When you know the pattern:

In [None]:
pattern = '£ ?[0-9][0-9]?' # £ then SPACE-optional then digit then digit-optional 

document = 'My eggs cost £3, bread cost £2, vodka cost £35'

In [None]:
import re

In [None]:
re.findall(pattern, document)

If you dont:

* sentiment analysis
    * how positive/negative is this (new) review?
* topic analysis 
    * what is this document about?

## What can I do if I know what pattern I want to find?

* finding ("extracting")
    * what matches the pattern?
* matching ("validating")
    * does the entire document match YES/NO?
* substitue ("replacing")
    * replace a part that matches a pattern with another...

## How do I validate text with pandas?

In [2]:
import pandas as pd

In [3]:
ti = pd.read_csv('https://raw.githubusercontent.com/a-forty-two/DFEData2/main/titanic.csv')
ti.sample(1)

Unnamed: 0,survived,pclass,sex,age,sibsp,parch,fare,embarked,class,who,adult_male,deck,embark_town,alive,alone
418,0,2,male,30.0,0,0,13.0,S,Second,man,True,,Southampton,no,True


In [4]:
ti['ticket'] = "Ticket: " + ti['class'] + "; Price: $ " + ti['fare'].astype(str) + "; Port: " + ti['embark_town'] + ";"

In [5]:
ti[['class', 'fare', 'embark_town', 'ticket']].head(3)

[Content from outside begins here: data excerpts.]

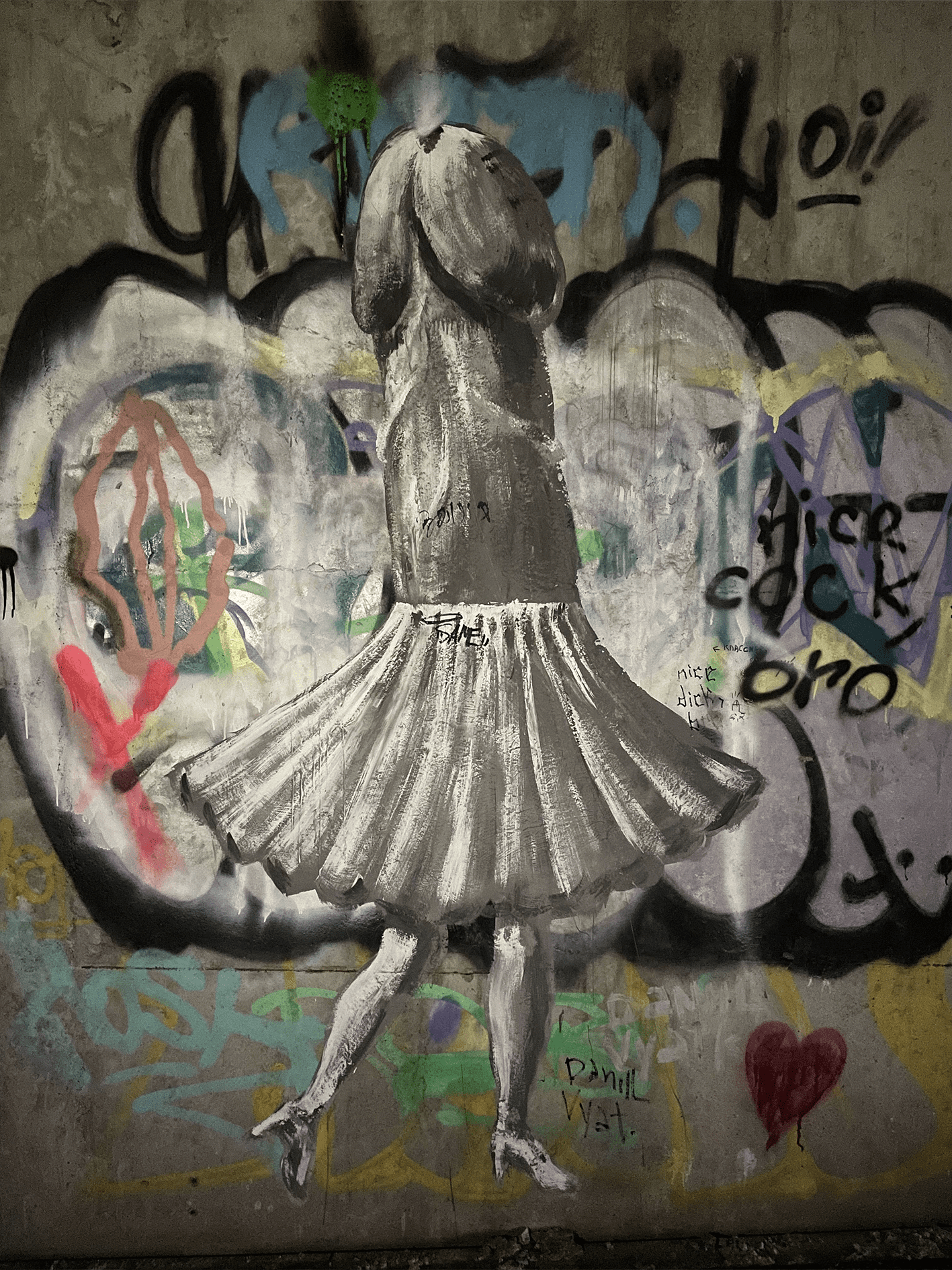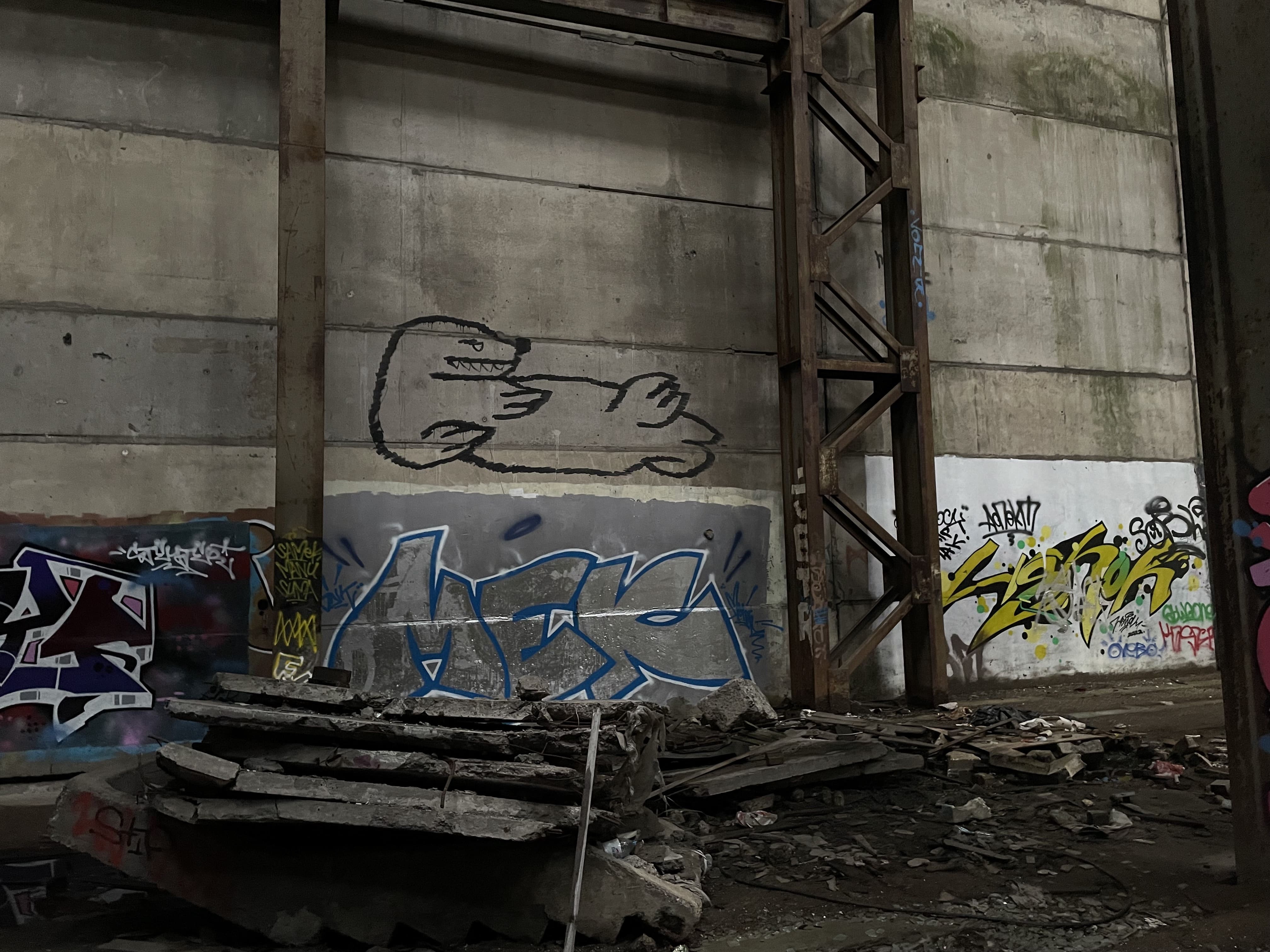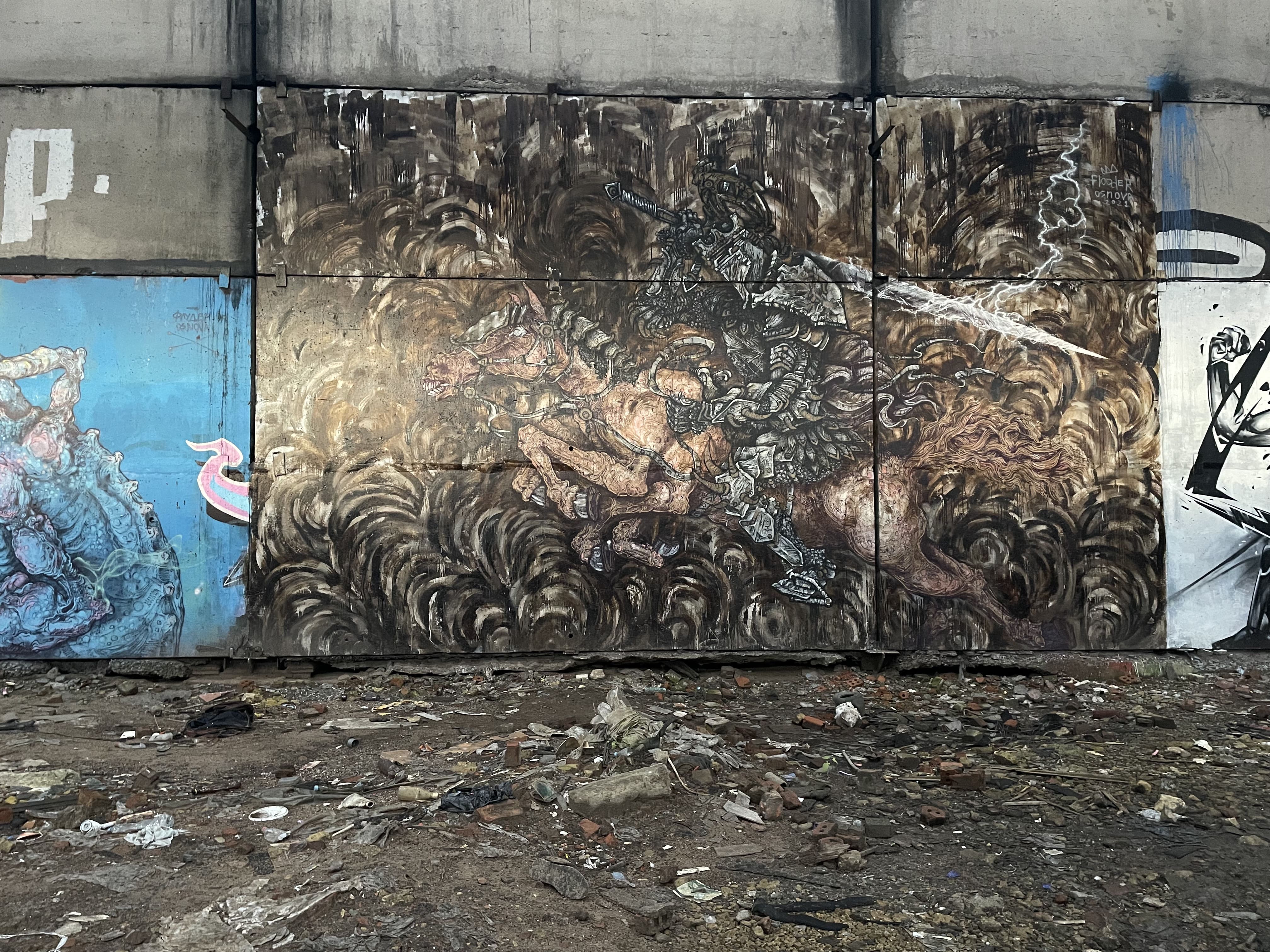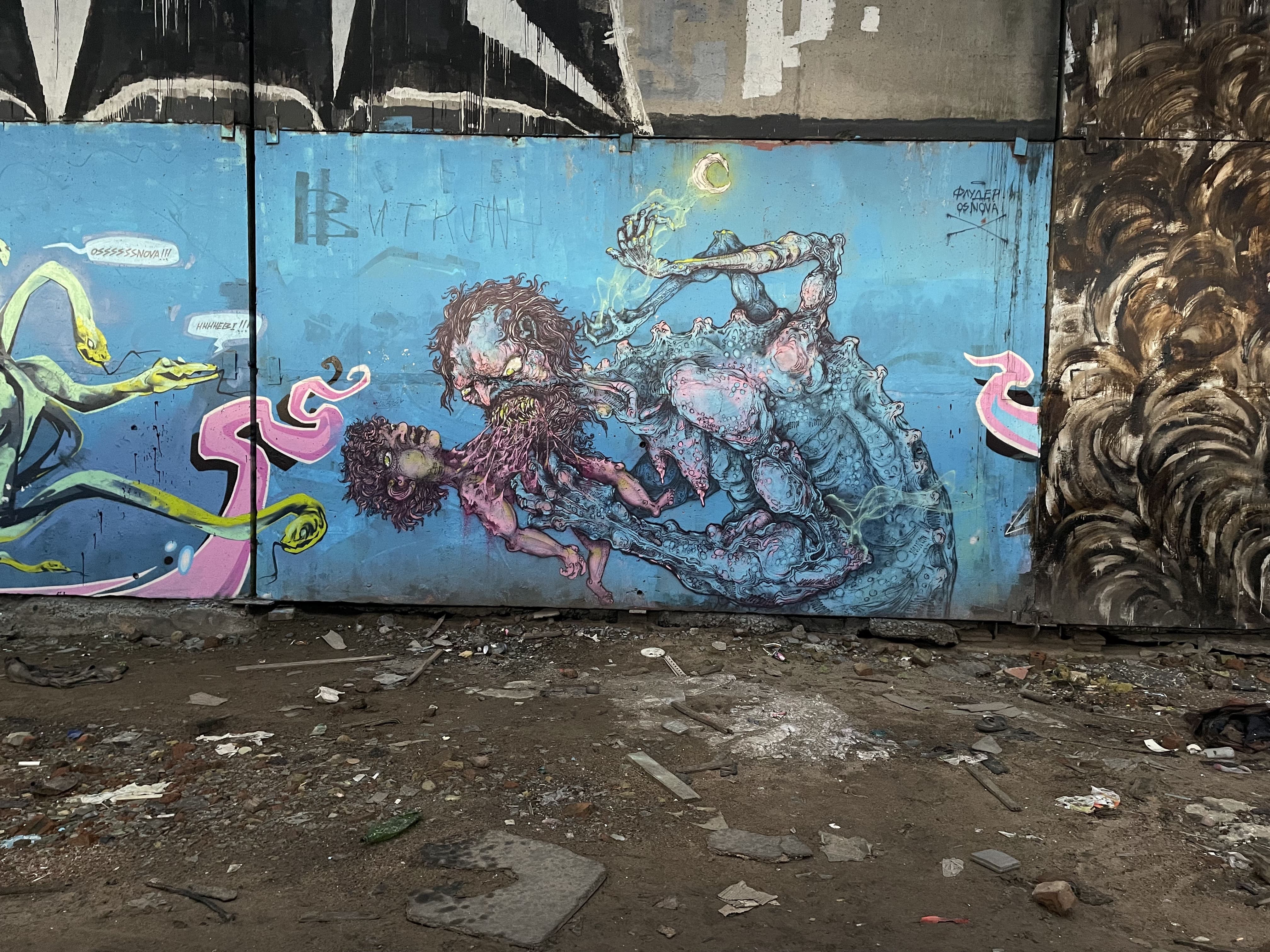 Некоторые локации ощущались как алтарь или храм уличной культуры, где можно стоять и пропитываться энергией. Представлять, сколько автор проводил времени, ловил вдохновение, а, может, стены сами подсказали что-то. И там же есть это равноправие, где рядом с технически трудной работой может быть написано что-то максимально экспрессивное. Но в этом и магия уличной культуры, институции в этом пространстве просто убьют этот вайб.
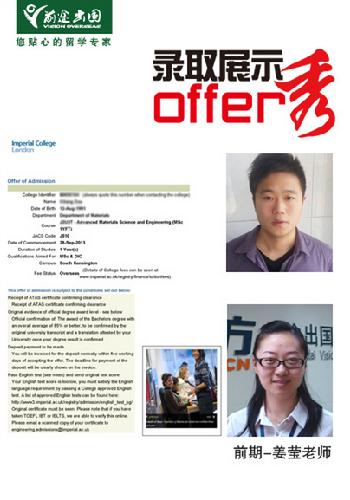 申请经历:出于对材料工程这一专业方向的热爱,结合自身优势与学术背景,留学顾问姜莹老师帮学生推荐了若干所适合的学校及专业,经过综合评估最终选定五所学校申请。申请期间,文书顾问与学生当面沟通交流,在深度了解学生的情况后,量身制定了一套文书方案,经过双方确认后递交申请。由于学生早规划、早申请,在帝国理工11月份开放申请的时候就将准备好的申请材料递交出去,经过两个月的等待,收到了帝国理工的录取信!~
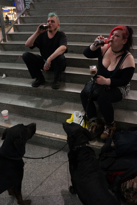 人们对火车站里的这两个奇葩视而不见,他们带着狗游逛,顺便讨些零钱给狗买吃的。他们轻松快乐的表情,是熙熙攘攘的“正常人”所少有的,我一时怀疑,到底是谁更正常?要是我的儿女也选择这种生活方式如何?从前我是不可能接受的,如今我会坦然尊重他们的选择。
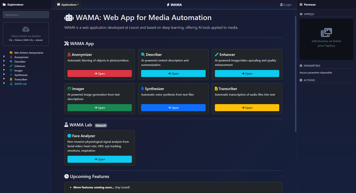WAMA, « Web App for Media Automation », est une application web développée au Lescot et basée sur l'apprentissage profond, proposant des outils d'IA appliqués aux médias. Ces outils seront ajoutés au fur et à mesure des développements.
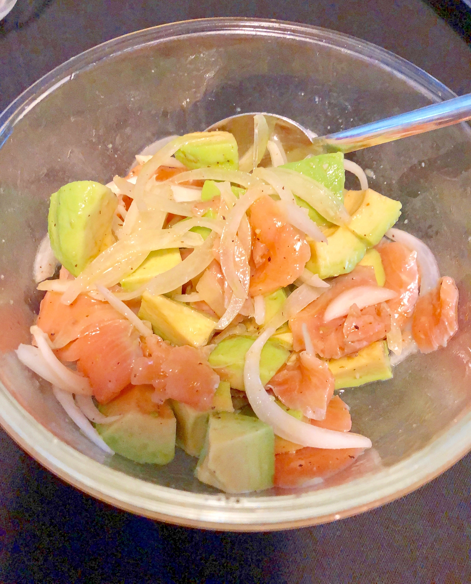 レシピタイトル:おつまみに☆アボカドとサーモンのサラダ

Unnamed: 0,class,fare,embark_town,ticket
0,Third,7.25,Southampton,Ticket: Third; Price: $ 7.25; Port: Southampton;
1,First,71.2833,Cherbourg,Ticket: First; Price: $ 71.2833; Port: Cherbourg;
2,Third,7.925,Southampton,Ticket: Third; Price: $ 7.925; Port: Southampton;


In [6]:
pattern = '(First|Second)'

ti['class'].str.match(pattern)

0      False
1       True
2      False
3       True
4      False
       ...  
886     True
887     True
888    False
889     True
890    False
Name: class, Length: 891, dtype: bool

In [10]:
survival_percentage = ti.loc[ ti['class'].str.match(pattern)  , 'survived'].mean()  * 100 
print("FIrst and Second class people who survived = "+ str(survival_percentage) + "%")

FIrst and Second class people who survived = 55.75%


## How do I extract data with pandas?

In [11]:
ti[['class', 'fare', 'embark_town', 'ticket']].head(3)

Unnamed: 0,class,fare,embark_town,ticket
0,Third,7.25,Southampton,Ticket: Third; Price: $ 7.25; Port: Southampton;
1,First,71.2833,Cherbourg,Ticket: First; Price: $ 71.2833; Port: Cherbourg;
2,Third,7.925,Southampton,Ticket: Third; Price: $ 7.925; Port: Southampton;


In [12]:
pattern = '([0-9.]+)'

ti['ticket'].str.extract(pattern).sample(4)

Unnamed: 0,0
639,16.1
535,26.25
597,0.0
404,8.6625


## How do I substitue text with pandas?

In [13]:
ti['ticket'].str.replace('$', '€').sample(1)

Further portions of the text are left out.